*** Material for this task
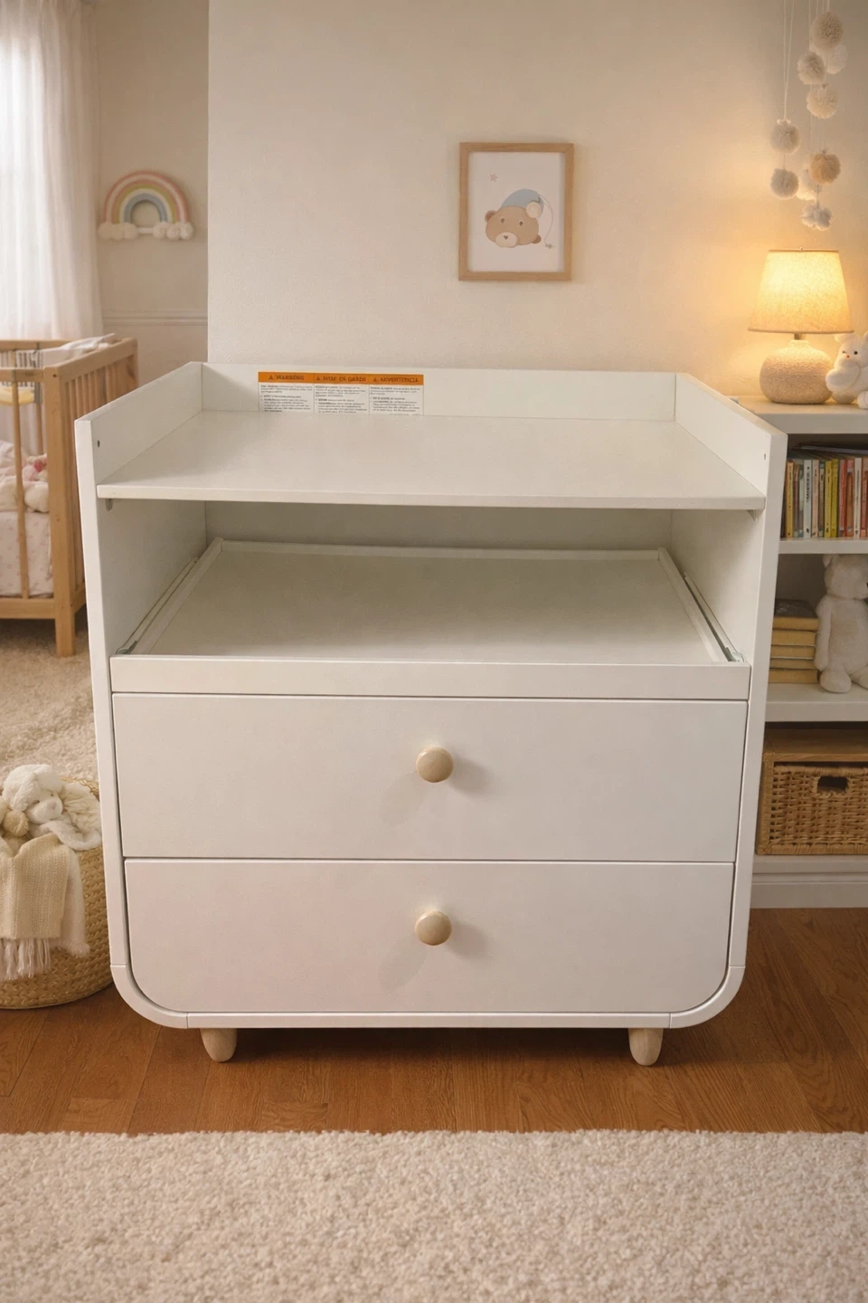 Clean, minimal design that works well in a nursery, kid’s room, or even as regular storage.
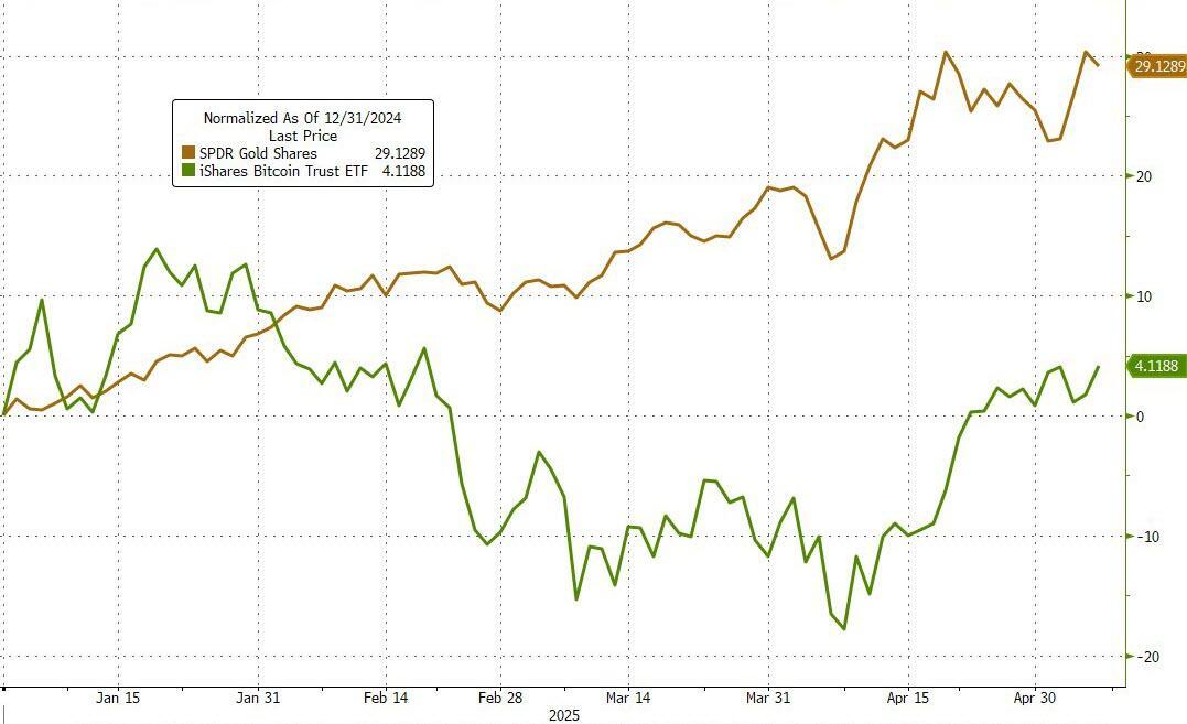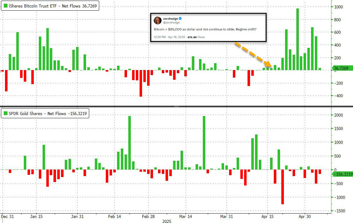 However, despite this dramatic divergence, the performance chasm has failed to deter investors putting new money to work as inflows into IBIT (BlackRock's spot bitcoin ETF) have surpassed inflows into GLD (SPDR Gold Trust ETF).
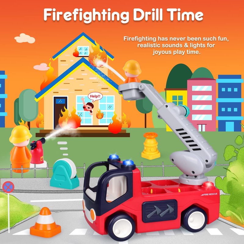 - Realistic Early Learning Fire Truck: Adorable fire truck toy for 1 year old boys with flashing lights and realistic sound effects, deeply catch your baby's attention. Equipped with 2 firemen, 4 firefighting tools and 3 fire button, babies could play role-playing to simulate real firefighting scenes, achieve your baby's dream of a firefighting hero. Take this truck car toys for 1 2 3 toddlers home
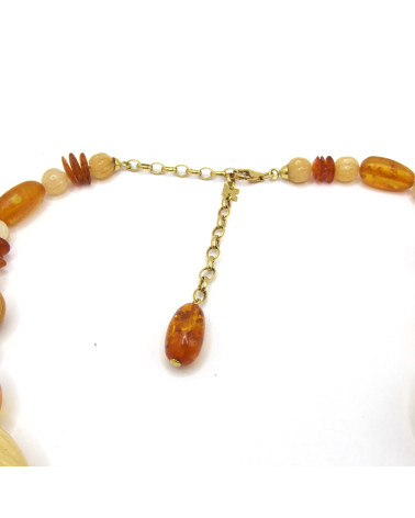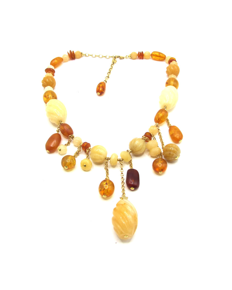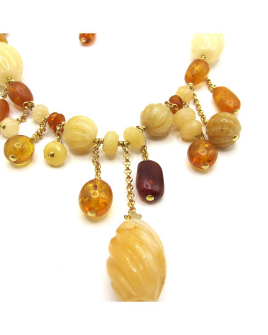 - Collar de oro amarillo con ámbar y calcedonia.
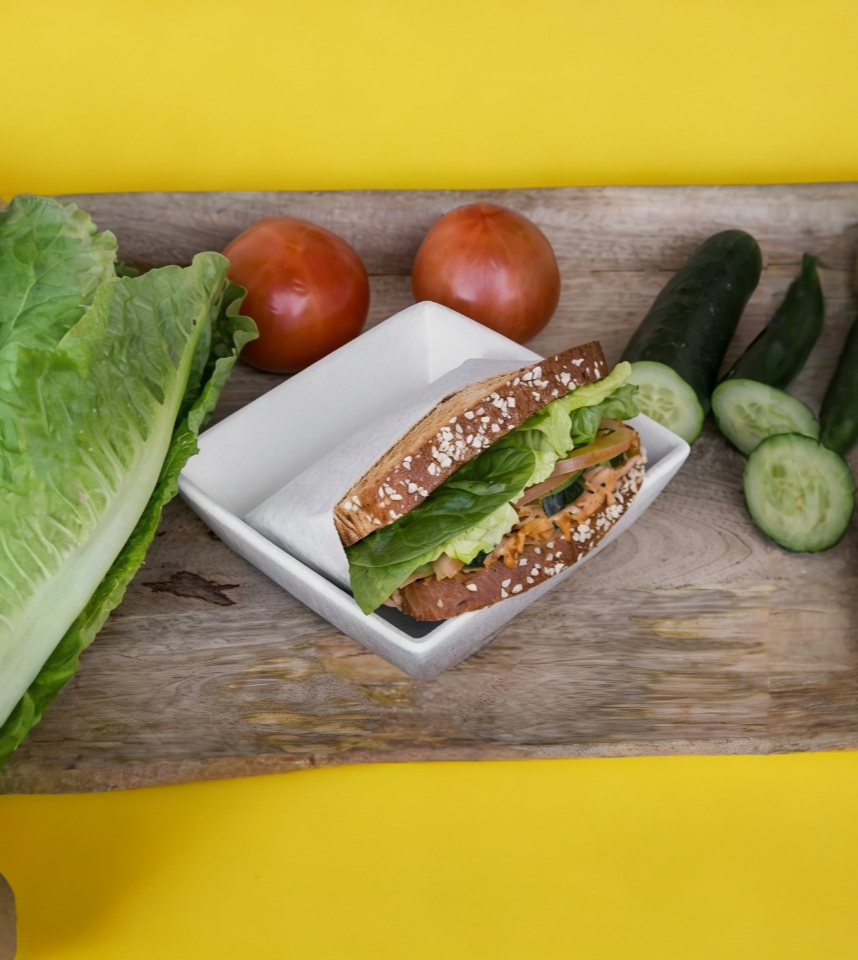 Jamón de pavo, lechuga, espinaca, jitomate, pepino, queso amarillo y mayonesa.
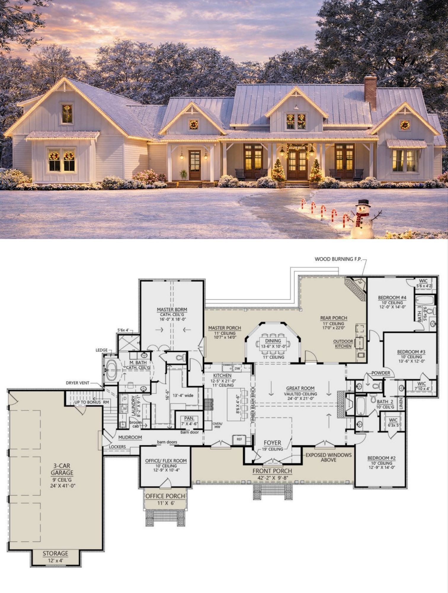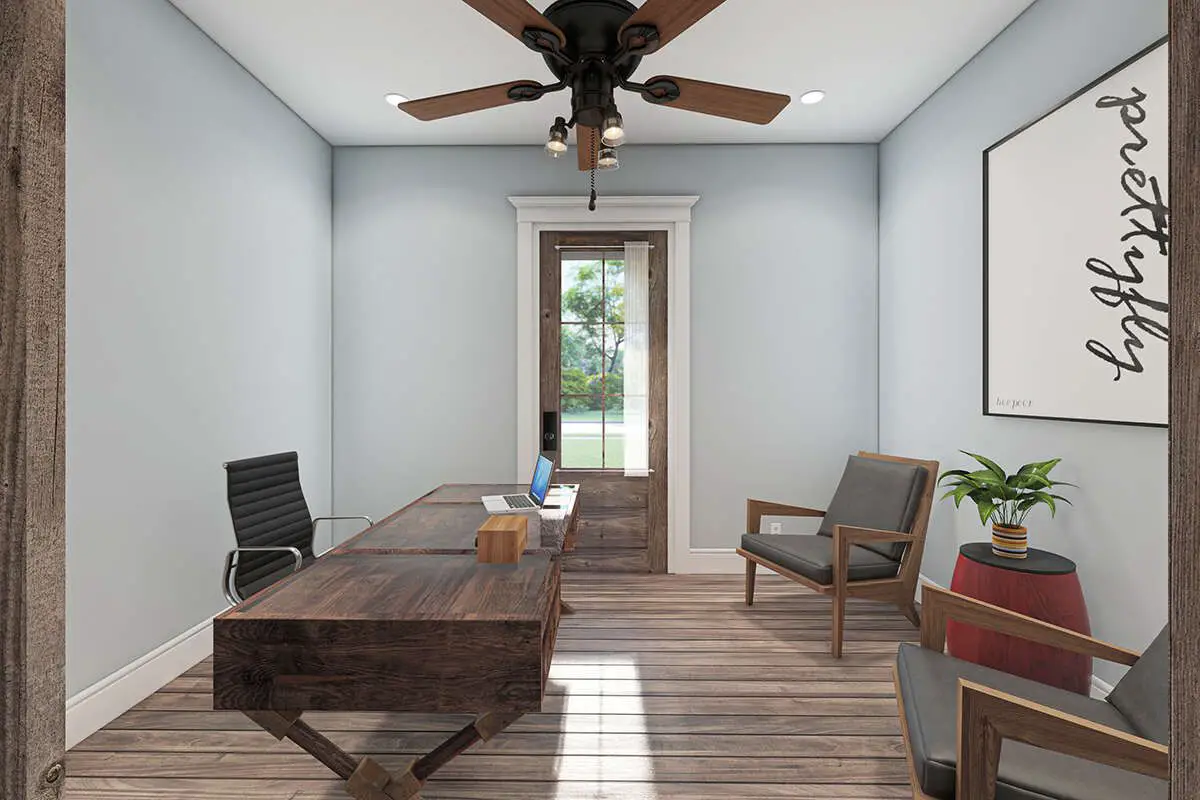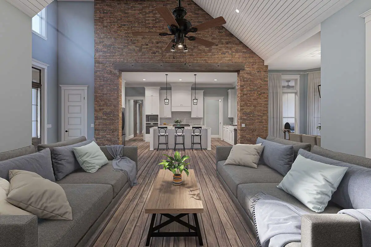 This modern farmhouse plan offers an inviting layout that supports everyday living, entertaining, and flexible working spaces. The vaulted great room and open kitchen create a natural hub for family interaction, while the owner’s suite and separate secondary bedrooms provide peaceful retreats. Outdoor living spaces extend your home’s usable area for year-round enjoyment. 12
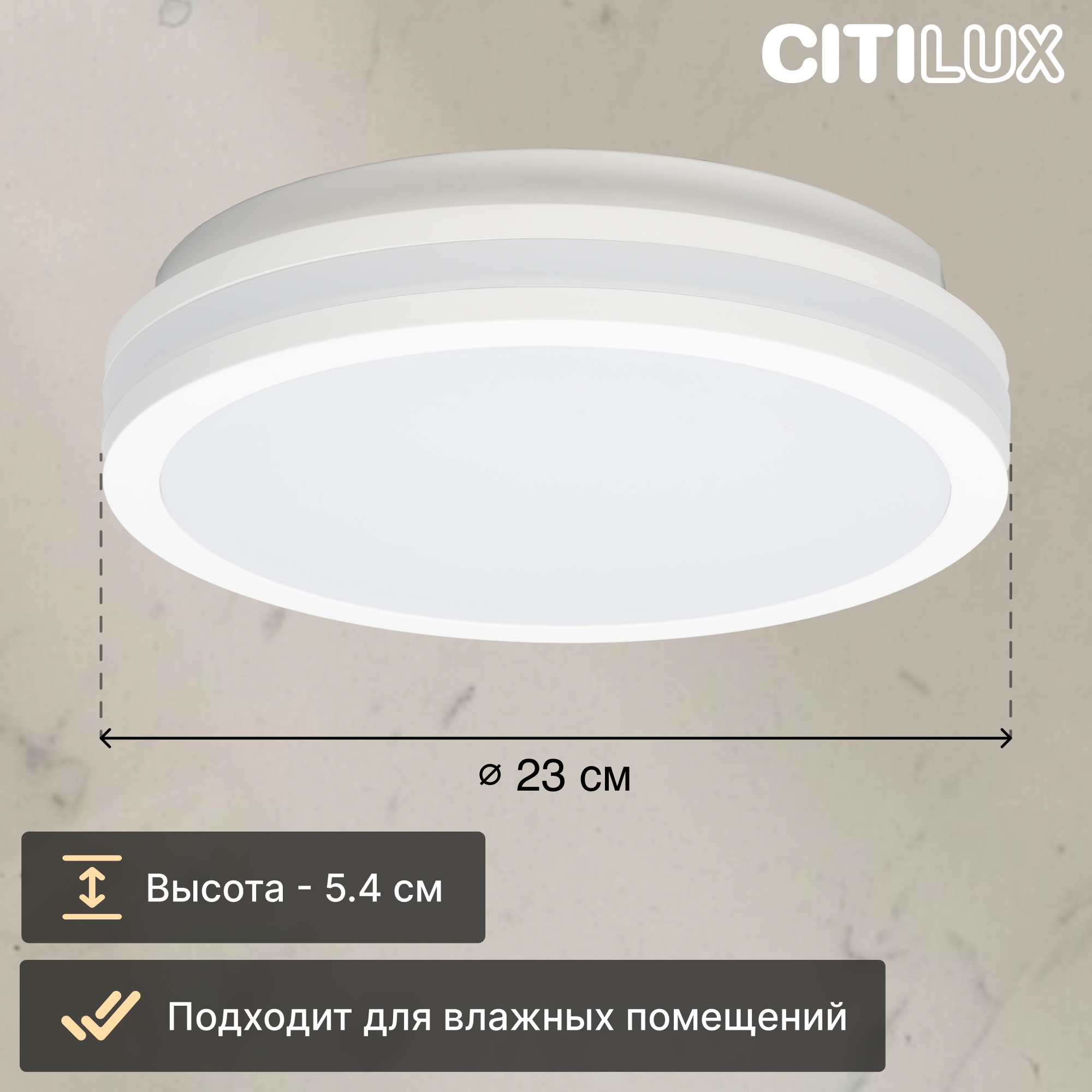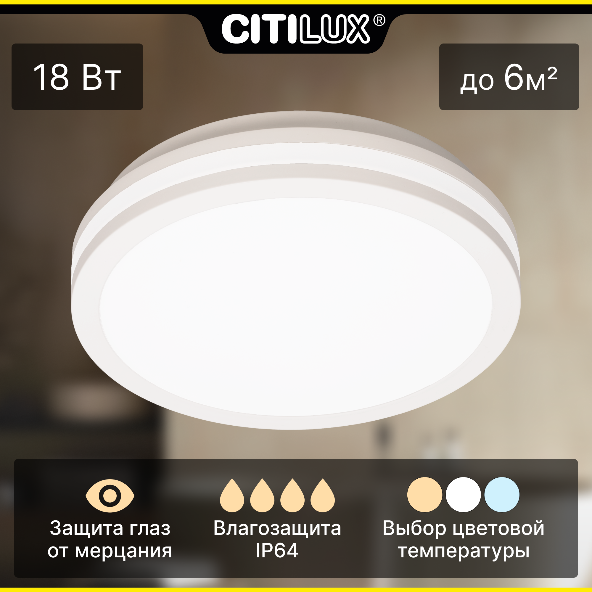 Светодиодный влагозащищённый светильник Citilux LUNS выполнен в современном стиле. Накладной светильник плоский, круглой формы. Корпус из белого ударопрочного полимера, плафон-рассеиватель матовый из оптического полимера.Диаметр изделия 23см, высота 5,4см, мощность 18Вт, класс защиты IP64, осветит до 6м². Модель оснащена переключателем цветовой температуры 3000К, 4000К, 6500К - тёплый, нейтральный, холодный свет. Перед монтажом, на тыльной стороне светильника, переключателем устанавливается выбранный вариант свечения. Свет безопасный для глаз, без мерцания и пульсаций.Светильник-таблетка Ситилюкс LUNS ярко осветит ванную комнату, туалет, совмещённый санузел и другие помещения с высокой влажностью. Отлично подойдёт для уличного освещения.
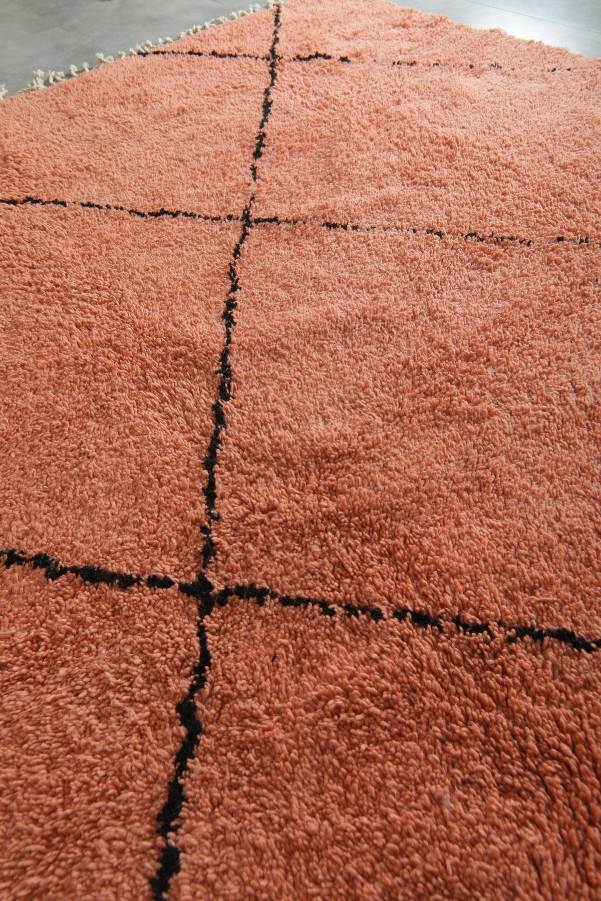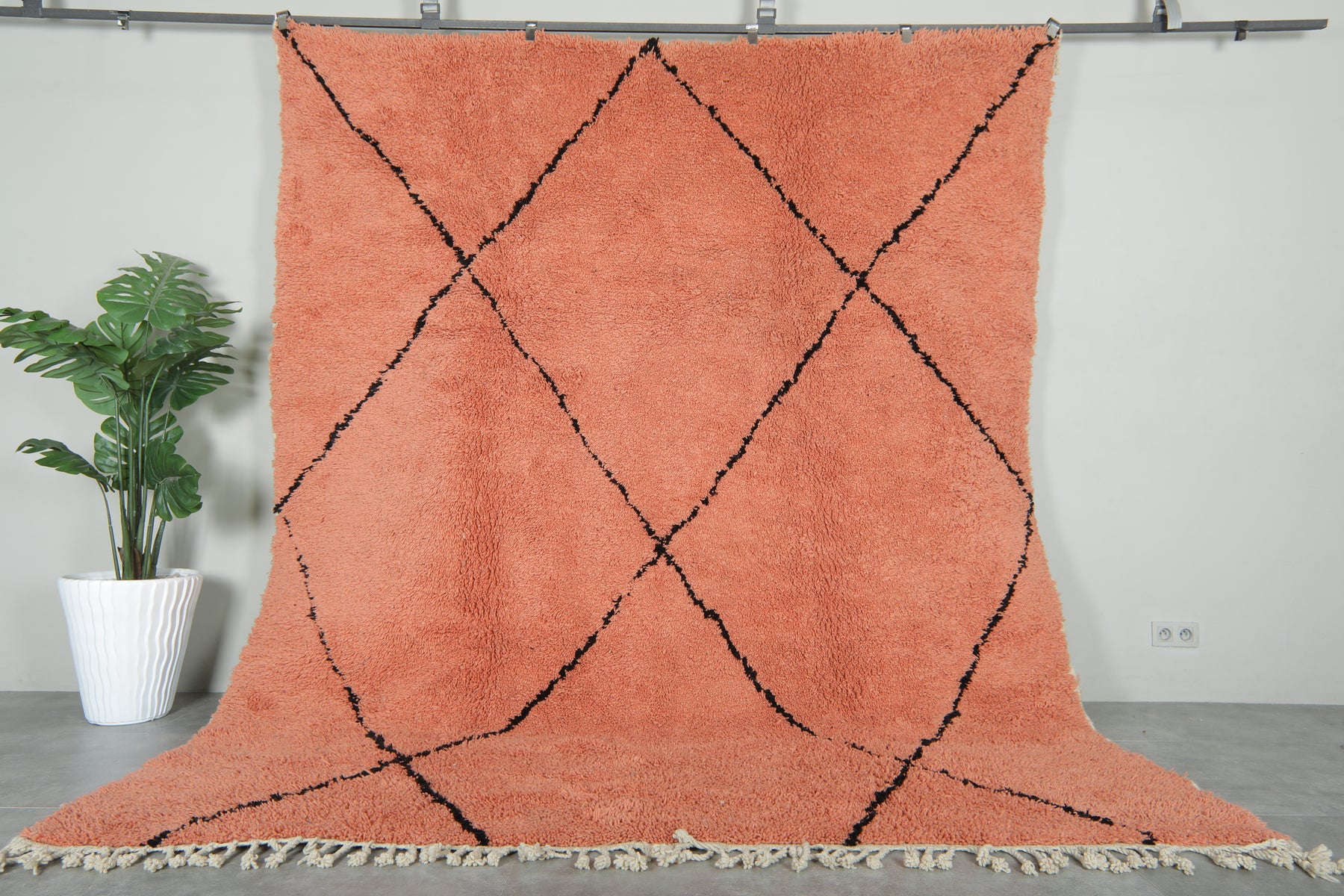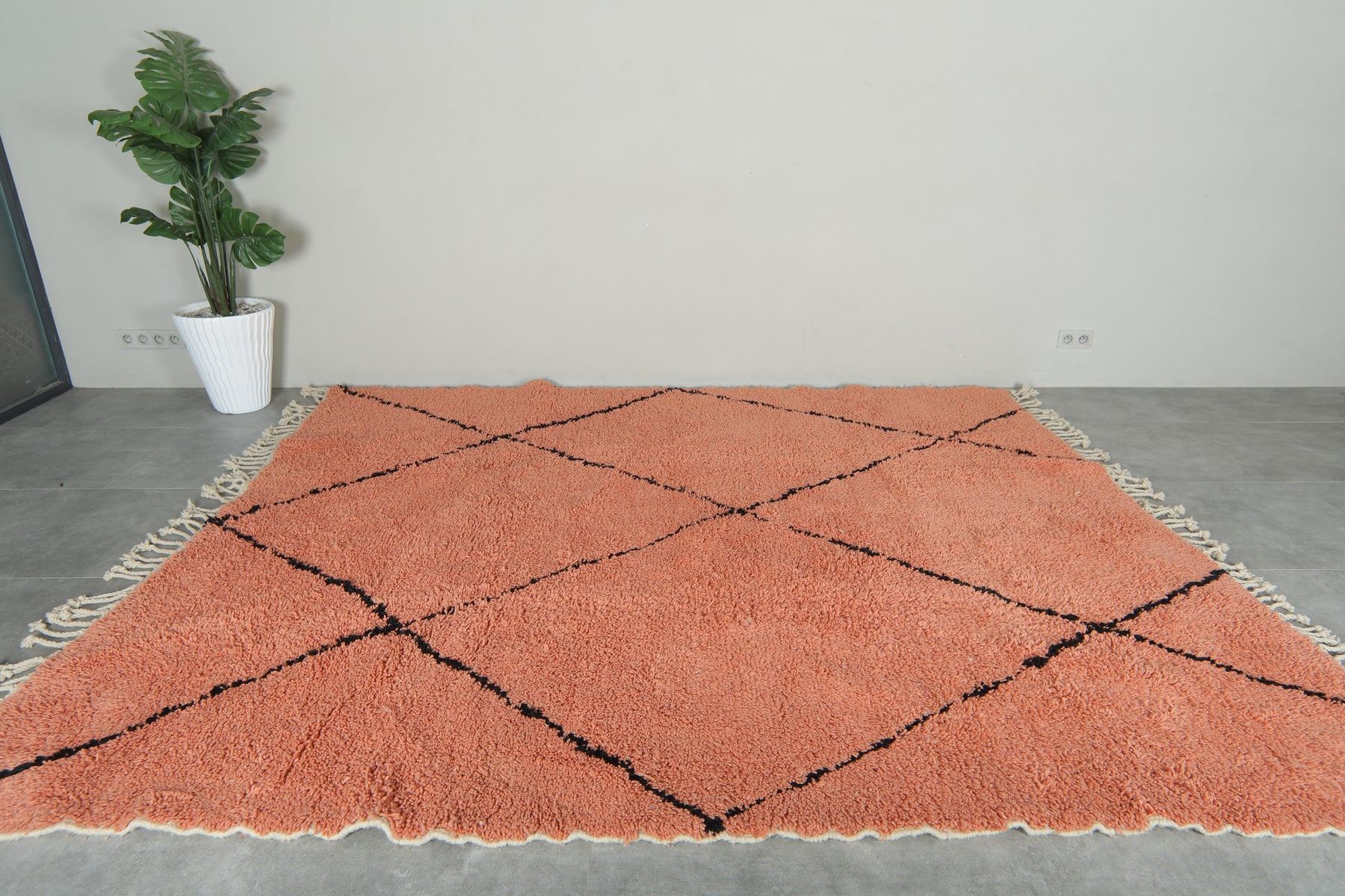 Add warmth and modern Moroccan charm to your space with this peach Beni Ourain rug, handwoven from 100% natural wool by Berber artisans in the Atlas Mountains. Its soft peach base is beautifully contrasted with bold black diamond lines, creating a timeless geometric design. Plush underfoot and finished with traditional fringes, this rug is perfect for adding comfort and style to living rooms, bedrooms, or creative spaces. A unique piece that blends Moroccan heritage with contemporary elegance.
******
Work to be completed: Which part of the entries opens with the line containing "- Collar de" and closes with the line containing "This modern farmhouse"? Output that part exactly, ends included, pictures excluded.

Exercise output:
 - Collar de oro amarillo con ámbar y calcedonia.
 Jamón de pavo, lechuga, espinaca, jitomate, pepino, queso amarillo y mayonesa.
 This modern farmhouse plan offers an inviting layout that supports everyday living, entertaining, and flexible working spaces. The vaulted great room and open kitchen create a natural hub for family interaction, while the owner’s suite and separate secondary bedrooms provide peaceful retreats. Outdoor living spaces extend your home’s usable area for year-round enjoyment. 12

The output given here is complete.